Really, it's just the same as any concurrency problem: you've got multiple threads of control, and it's indeterminate which statements on which threads get executed when. That means there are a large number of POTENTIAL execution paths through the program, and your program must be correct under all of them.
In general the place where trouble can occur is when state is shared among the threads (aka "lightweight processes" in the old days.) That happens when there are shared memory areas,
To ensure correctness, what you need to do is ensure that these data areas get updated in a way that can't cause errors. To do this, you need to identify "critical sections" of the program, where sequential operation must be guaranteed. Those can be as little as a single instruction or line of code; if the language and architecture ensure that these are atomic, that is, can't be interrupted, then you're golden.
Otherwise, you idnetify that section, and put some kind of guards onto it. The classic way is to use a semaphore, which is an atomic statement that only allows one thread of control past at a time. These were invented by Edsgar Dijkstra, and so have names that come from the Dutch, P and V. When you come to a P, only one thread can proceed; all other threads are queued and waiting until the executing thread comes to the associated V operation.
Because these primitives are a little primitive, and because the Dutch names aren't very intuitive, there have been some ther larger-scale approaches developed.
Per Brinch-Hansen invented the monitor, which is basically just a data structure that has operations which are guaranteed atomic; they can be implemented with semaphores. Monitors are pretty much what Java synchronized statements are based on; they make an object or code block have that particular behavir -- that is, only one thread can be "in" them at a time -- with simpler syntax.
There are other modeals possible. Haskell and Erlang solve the problem by being functional languages that never allow a variable to be modified once it's created; this means they naturally don't need to wory about synchronization. Some new languages, like Clojure, instead have a structure called "transactional memory", which basically means that when there is an assignment, you're guaranteed the assignment is atomic and reversible.
So that's it in a nutshell. To really learn about it, the best places to look at Operating Systems texts, like, eg, Andy Tannenbaum's text.
The two most common mechanisms for thread communication are shared state and message passing.
THe most common way for threads to communicate is via some shared data structure, typically a queue. Some threads put information into the queue while others take it out. The queue must be protected by operating system facilities such as mutexes and semaphores. Interrupts have nothing to do with it.
If you're really interested in a theory of thread communications, you may want to look into formalisms like the pi Calculus.
To communicate between threads, you'll need to use whatever mechanism is supplied by your operating system and/or runtime. Interrupts would be unusually low level, although they might be used implicitly if your threads communicate using sockets or named pipes.

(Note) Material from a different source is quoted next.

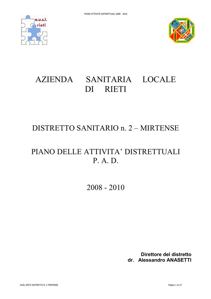 PIANO ATTIVITÀ DISTRETTUALI 2008 - 2010 AZIENDA SANITARIA DI RIETI LOCALE DISTRETTO SANITARIO n. 2 – MIRTENSE PIANO DELLE ATTIVITA’ DISTRETTUALI P. A. D. 2008 - 2010 Direttore del distretto dr. Alessandro ANASETTI AUSL RIETI DISTRETTO N. 2 MIRTENSE Pagina 1 di 27 PIANO ATTIVITÀ DISTRETTUALI 2008 - 2010 INDICE 1. PREMESSA: PAD Pag. 3 2. DISTRETTO SANITARIO N. 2 MIRTENSE Pag. 4 2.1 DEMOGRAFIA DEL TERRITORIO Pag. 4 2.2 VARIABILI DEMOGRAFICHE Pag. 5 2.3 ALCUNI INDICATORI SOCIO - SANITARI Pag. 9 3. Pag. 10 ORGANIZZAZIONE DEL DISTRETTO 3.1 PERSONALE DIPENDENTE Pag. 12 3.3 LE STRUTTURE OPERATIVE Pag. 13 4. Pag. 20 PROGRAMMAZIONE SOCIO-SANITARIA 2008-2010 4.1 PUNTO UNICO DI ACCESSO Pag. 21 4.2 UNITA’ DI VALUTAZIONE MULTIDIMENSIONALE Pag. 22 4.3 CONTINUITA’ ASSISTENZIALE Pag. 23 5. Pag. 25 PROGRAMMAZIONE ULTERIORE ATTIVITA’ DISTRETTUALE 5.1 POTENZIAMENTO ORGANICO DEI SERVIZI NOD Pag. 25 5.2 PRESIDIO TERRITORIALE PROSSIMITÀ Pag. 26 5.3 SISTEMA RESIDENZIALE EX ART. 26/833 Pag. 27 AUSL RIETI DISTRETTO N. 2 MIRTENSE Pagina 2 di 27 PIANO ATTIVITÀ DISTRETTUALI 2008 - 2010 1. PREMESSA P.A.D. AUSL RIETI DISTRETTO N. 2 MIRTENSE Il PAD (Programma Attività Distrettuali) è il documento di programmazione sanitaria triennale (2008 – 2010) del Distretto N. 2 e si affianca al Piano Sociale di Zona che, nello stesso territorio, definisce la pianificazione in ambito socio-sanitario ed assistenziale. Necessariamente i due strumenti devono essere tra di loro fortemente coerenti sulla base di progettualità condivise tra Aziende Sanitarie e Comuni. L’integrazione tra la programmazione e l’operatività nel sociale e nel sanitario partono nel Distretto di Poggio Mirteto da una comune cultura che vede nel cittadino il soggetto centrale per l’organizzazione dei servizi pubblici: un cittadino portatore di diritti da garantire, di potenzialità da valorizzare e, contemporaneamente, consapevole della propria responsabilità nei confronti della comunità in cui vive. Il progressivo incremento delle cosiddette “fasce deboli” (anziani, adolescenti con diverse forme di disagio, immigrati, disabili...) impone un continuo ripensamento e riqualificazione dei servizi erogati per mantenerli adeguati all’evolversi dei bisogni e compatibili con le risorse disponibili in un quadro di solidarietà e sussidiarietà che coinvolga tutta la comunità e i suoi protagonisti pubblici e privati. Il PAT 2000 - 2002 ha consentito già una prima positiva valutazione per l’impianto generale delle attività del Distretto di Poggio Mirteto in cui si sono evidenziati i passaggi fondamentali per la identificazione: • Delle strutture; • Delle sedi di attività; • Delle risorse umane e tecnologiche; • Delle criticità riscontrate; • Delle azioni da intraprendere; • Delle responsabilità, • Dei tempi per realizzare quanto predisposto. I cittadini, le Associazioni, il volontariato e gli operatori del settore potranno così avere strumenti di verifica e indicazioni per il prossimo futuro sulle quali fornire osservazioni, suggerimenti e proposte per il miglioramento continuo dei servizi. Pagina 3 di 27 PIANO ATTIVITÀ DISTRETTUALI 2008 - 2010 2. DISTRETTO SANITARIO MIRTENSE IL DISTRETTO 2. 1 Demografia del territorio: caratteristiche della popolazione AUSL RIETI DISTRETTO N. 2 MIRTENSE Il Distretto N. 2 Mirtense comprende 20 Comuni con una popolazione residente alla data del 31 dicembre 2007 di 32.842 abitanti, con una superficie di 414,4 Km2 ed una densità abitativa di 79,25 abitanti per km2. Il compito principale del Distretto è di assicurare alla popolazione residente la disponibilità dei servizi sanitari e socio sanitari integrati Comuni del Distretto N. 2 Mirtense Popolazione • • • • • • • • • • • • • • • • • • • • 1714 1155 1594 705 538 2942 3880 551 389 946 4098 1340 5800 608 555 1088 2007 1390 1278 264 Cantalupo in Sabina: Casperia Collevecchio Configni Cottanello Forano Magliano in Sabina Mompeo Montasola Montebuono Montopoli in Sabina Poggio Catino Poggio Mirteto: Comune Capofila Roccantica Salisano Selci Sabino Stimigliano Tarano Torri in Sabina Vacone La popolazione del Distretto di N. 2 Mirtense è aumentata costantemente negli ultimi decenni, principalmente per effetto di tre fattori: • aumento della popolazione con età superiore a 65 anni, dovuto al prolungamento dell’età media, • incremento dell’immigrazione, • ripresa della natalità, a fronte del tasso di mortalità che non è cambiato negli anni. Tale andamento demografico ha portato ad un progressivo incremento del numero di minori e anziani (categorie di popolazione che utilizzano maggiormente i servizi sanitari e socio-sanitari), rispetto a giovani e adulti. Pagina 4 di 27 PIANO ATTIVITÀ DISTRETTUALI 2008 - 2010 2.2 Le variabili demografiche STRUTTURA POPOLAZIONE DISTRETTO N° 2 DI POGGIO MIRTETO (01.01.1998) CLASSI DI ETÀ 0 4 5 9 10 14 15 19 20 24 25 29 30 34 35 39 40 44 45 49 50 54 55 59 60 64 65 69 70 74 75 79 80 84 > 84 TOTALE FREQUENZE ASSOLUTE MASCHI FEMMINE 671 615 725 704 750 698 850 789 999 993 1.069 1.085 1.154 1.119 1.092 1.050 999 965 1.080 904 905 848 831 975 849 940 889 1.003 836 1.010 557 788 341 579 249 463 14.846 15.528 FREQUENZE ASSOLUTE CLASSI DI ETÀ MASCHI 0 4 671 5 14 1.475 15 39 5.164 40 64 4.664 65 e+ 2.872 TOTALE 14.846 TOTALE 1.286 1.429 1.448 1.639 1.992 2.154 2.273 2.142 1.964 1.984 1.753 1.806 1.789 1.892 1.846 1.345 920 712 30.374 FEMMINE 615 1.402 5.036 4.632 3.843 15.528 TOTALE 1.286 2.877 10.200 9.296 6.715 30.374 MASCHI FREQUENZE PERCENTUALI FEMMINE 4.5 4.0 4.9 4.5 5.1 4.5 5.7 5.1 6.7 6.4 7.2 7.0 7.8 7.2 7.4 6.8 6.7 6.2 7.3 5.8 6.1 5.5 5.6 6.3 5.7 6.1 6.0 6.5 5.6 6.5 3.8 5.1 2.3 3.7 1.7 3.0 100.0 100.0 FREQUENZE PERCENTUALI MASCHI FEMMINE 4.5 4.0 9.9 9.0 34.8 32.4 31.4 29.8 19.3 24.7 100.0 100.0 TOTALE 4.2 4.7 4.8 5.4 6.6 7.1 7.5 7.1 6.5 6.5 5.8 5.9 5.9 6.2 6.1 4.4 3.0 2.3 100.0 TOTALE 4.2 9.5 33.6 30.6 22.1 100.0 0 15 60 TOTALE 14 59 e+ 2.146 8.979 3.

A common pattern would be to implement shared state using a shared memory block, relying on an os-supplied synchronization primitive such as a mutex to spare you from busy-waiting when your read from the block. Remember that if you have threads at all, then you must have some kind of scheduler already (whether it's native from the OS or emulated in your language runtime). So this scheduler can provide synchronization objects and a "sleep" function without necessarily having to rely on hardware support.
Sockets, pipes, and shared memory work between processes too. Sometimes a runtime will give you a lighter-weight way of doing synchronization for threads within the same process. Shared memory is cheaper within a single process. And sometimes your runtime will also give you an atomic message-passing mechanism.